The Treasury secretary raised the case of Suniva again in April at a news conference in Beijing, where she was meeting with senior Chinese officials. She recalled that Suniva’s financial troubles started more than a decade ago when China started ramping up its production of cheap solar panels.
While the firm now had more support from the U.S. government, she said, “the continued investment in capacity in these areas in China, that outstrips growing global demand, really could begin to threaten a company like this.”
It’s not yet clear how many of the Chinese companies routing products through Southeast Asia will still face tariffs, if any. In the last two years, many have built up factories in Southeast Asia that may allow them to argue that they are doing substantial manufacturing there, not simply circumventing tariffs by routing goods through those countries, industry executives said.
In the meantime, U.S. solar makers have begun pressing for broader protections. In April, a group of American solar manufacturers filed another set of cases with the Commerce Department and the U.S. International Trade Commission, asking them to investigate unfair subsidies and pricing practices from factories in Cambodia, Malaysia, Thailand and Vietnam.
The commission is set to make an initial determination Friday about whether U.S. business have suffered injury from those practices. If it decides that they have, additional levies could be imposed on imports from Southeast Asia, the source of a majority of U.S. solar panels.
“We don’t expect that the lifting of the tariff holiday will have much of an impact because the Chinese-owned and Chinese-headquartered companies have already adjusted their manufacturing to avoid the circumvention case,” said Timothy Brightbill, a lawyer at Wiley Rein who is representing the U.S.-based solar manufacturers in the newer case. “Our case is extremely important because it sort of picks up where the circumvention case left off.”
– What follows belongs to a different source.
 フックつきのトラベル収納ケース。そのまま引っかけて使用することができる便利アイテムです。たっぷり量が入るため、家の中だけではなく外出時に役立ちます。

The back-and-forth over the tariffs highlights a dilemma the United States faces as it tries sever some links to China. Cutting ties has been particularly difficult in green industries where China dominates global production, like solar panels, critical minerals and electric vehicle batteries.
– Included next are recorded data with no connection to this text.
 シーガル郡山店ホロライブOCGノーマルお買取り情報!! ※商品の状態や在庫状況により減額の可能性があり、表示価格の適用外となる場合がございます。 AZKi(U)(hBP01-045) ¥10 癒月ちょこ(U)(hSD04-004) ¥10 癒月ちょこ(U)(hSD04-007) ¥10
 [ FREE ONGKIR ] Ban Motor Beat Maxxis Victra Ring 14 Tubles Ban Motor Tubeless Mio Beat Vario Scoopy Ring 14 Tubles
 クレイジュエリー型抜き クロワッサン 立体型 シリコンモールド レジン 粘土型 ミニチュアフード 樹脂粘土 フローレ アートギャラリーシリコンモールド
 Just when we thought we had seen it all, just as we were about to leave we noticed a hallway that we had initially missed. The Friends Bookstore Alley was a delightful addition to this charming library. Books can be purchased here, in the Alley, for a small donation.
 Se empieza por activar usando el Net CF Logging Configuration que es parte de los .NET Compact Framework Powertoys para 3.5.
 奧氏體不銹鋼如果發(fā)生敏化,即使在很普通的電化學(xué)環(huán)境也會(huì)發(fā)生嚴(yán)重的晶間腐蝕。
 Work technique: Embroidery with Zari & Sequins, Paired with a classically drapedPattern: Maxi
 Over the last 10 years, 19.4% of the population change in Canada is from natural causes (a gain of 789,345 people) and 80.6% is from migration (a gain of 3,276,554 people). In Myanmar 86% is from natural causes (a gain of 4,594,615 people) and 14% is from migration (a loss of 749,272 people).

China accounts for more than 80 percent of global solar supply at every stage of the production chain, from the raw material of polysilicon to the final panels.
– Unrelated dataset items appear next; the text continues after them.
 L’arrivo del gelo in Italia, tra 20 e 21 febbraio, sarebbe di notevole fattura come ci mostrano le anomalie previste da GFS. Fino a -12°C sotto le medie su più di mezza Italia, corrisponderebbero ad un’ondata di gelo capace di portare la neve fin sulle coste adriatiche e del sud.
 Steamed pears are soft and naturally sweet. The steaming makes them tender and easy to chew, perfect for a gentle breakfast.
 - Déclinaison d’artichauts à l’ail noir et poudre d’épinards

Substantial support from the Chinese government — as well as the massive economies of scale that the Chinese industry has achieved — has allowed Chinese makers to offer their products at extremely low prices. According to data from Wood Mackenzie, solar modules cost just 9 to 11 cents per watt in China, compared with 28 cents for modules made in Southeast Asia and delivered to the United States.
Those low prices triggered a surge in imports. According to data from S&P Global, the United States imported a record 54 gigawatts of solar panels in 2023, up 82 percent from 2022.
Some argue that the United States should simply take advantage of these cheap prices to build out its solar power supply. But the glut is also putting Mr. Biden’s plans to revive green energy manufacturing in the United States at risk. Some new manufacturers have been discouraged from opening facilities in the United States. In February, a Massachusetts company called CubicPV Inc. canceled plans to build a factory for solar wafers, citing collapsing prices.
“The U.S. solar manufacturing industry remains in a precarious position, despite the passage of the I.R.A.,” Mark Widmar, the chief executive of U.S. solar manufacturer First Solar, testified during a Senate hearing in March.